A: You’d do this the same way you process any task in SQL Server that requires massive scalability— with scripting. You can use either T-SQL or PowerShell. You don’t describe whether these databases are all on one instance or spread across many. So, let’s assume the worst and that these are databases spread across multiple servers. In this situation, my approach would be to create a table with source_server and source_database as well as target_server and target_database.
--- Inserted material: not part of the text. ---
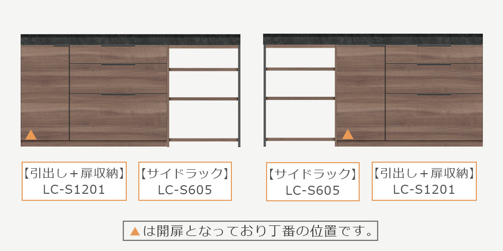 (引出し+扉収納[扉:向かって左])LC-S1201/(サイドラック)LC-S605/(天板)LC-180T

Then, I would write a script to iterate through the list of databases, running each backup from the source to each target, measuring their time and data volume, letting me know whether they succeeded or failed.
I believe that dbatools.io already has a script to do the backup and recovery test. So, all that you’d need to do is build the table to hold the source and target info, and the script to pipe those values into the DBAtool.io POSH script.
Q: What are the biggest issues with transaction log backups?
A: Transaction logs, fortunately, have remained steadfast and unchanged for about three decades. That means almost all the problems are now well understood and most issues have well-documented fixes. In my experience, there are two very common problems.
First, Devs can sometimes build apps without understanding how to write operations (INSERT/UPDATE/DELETE/MERGE) that interact with the transaction log. So, it’s not uncommon to see apps performing huge, multi-row write operations in a single transaction. While that transaction is in flight, the write operation remains open as do all other transactions happening after it. Those transactions coming in after the huge write operation all remain open too, which causes bloated transaction logs that cannot be truncated until the huge transaction completes. This can go on even to the point where the log entirely fills the disk where it lives and crashing SQL Server.
Second—and this goes back to my point about going with the defaults—one of the most common causes of transaction logs filling up is that databases are set to FULL recovery model (or whatever the setting is for the Model database) by default, but that the logs do not have a log backups scheduled by default. When in FULL recovery model, only running a backup on the transaction log with truncate it and keep its size in check. So, your options here are to either run in FULL recovery model with frequent log backups (my default is every 15 minutes) or to run in SIMPLE recovery model.
Remember: only a few big DBA blunders are due to technical skills, or the lack thereof. Most of the mistakes above are due to process and business issues.
Once you apply these best practices, you should find that you and your databases perform at a higher level of efficiency and effectiveness.